Top of Data provided
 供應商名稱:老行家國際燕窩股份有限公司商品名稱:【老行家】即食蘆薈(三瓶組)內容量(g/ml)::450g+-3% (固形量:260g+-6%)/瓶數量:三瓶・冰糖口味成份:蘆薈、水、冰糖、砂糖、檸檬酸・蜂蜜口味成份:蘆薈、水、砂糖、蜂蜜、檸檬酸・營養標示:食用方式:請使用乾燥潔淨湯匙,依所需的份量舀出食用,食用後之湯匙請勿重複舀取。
Bottom of Data provided
Top of Data provided
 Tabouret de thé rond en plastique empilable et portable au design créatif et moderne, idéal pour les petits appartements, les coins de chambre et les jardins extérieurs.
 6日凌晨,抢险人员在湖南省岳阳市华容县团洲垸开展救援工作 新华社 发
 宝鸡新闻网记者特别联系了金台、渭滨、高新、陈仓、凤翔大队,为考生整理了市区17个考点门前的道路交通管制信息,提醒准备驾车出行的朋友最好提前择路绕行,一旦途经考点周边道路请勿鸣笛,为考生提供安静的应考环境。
Bottom of Data provided
Top of Data provided
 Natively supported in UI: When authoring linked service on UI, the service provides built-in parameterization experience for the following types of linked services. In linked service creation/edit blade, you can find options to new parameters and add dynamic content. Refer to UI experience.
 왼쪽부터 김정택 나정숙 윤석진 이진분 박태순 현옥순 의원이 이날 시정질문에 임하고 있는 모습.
Bottom of Data provided
What this task involves ::
Reproducing the whole listing above is not the task. Copy exactly only the lines from the one with "Tabouret de thé" to the one with "宝鸡新闻网记者特别联系了金台", both kept.

Result of this exercise ::
 Tabouret de thé rond en plastique empilable et portable au design créatif et moderne, idéal pour les petits appartements, les coins de chambre et les jardins extérieurs.
 6日凌晨,抢险人员在湖南省岳阳市华容县团洲垸开展救援工作 新华社 发
 宝鸡新闻网记者特别联系了金台、渭滨、高新、陈仓、凤翔大队,为考生整理了市区17个考点门前的道路交通管制信息,提醒准备驾车出行的朋友最好提前择路绕行,一旦途经考点周边道路请勿鸣笛,为考生提供安静的应考环境。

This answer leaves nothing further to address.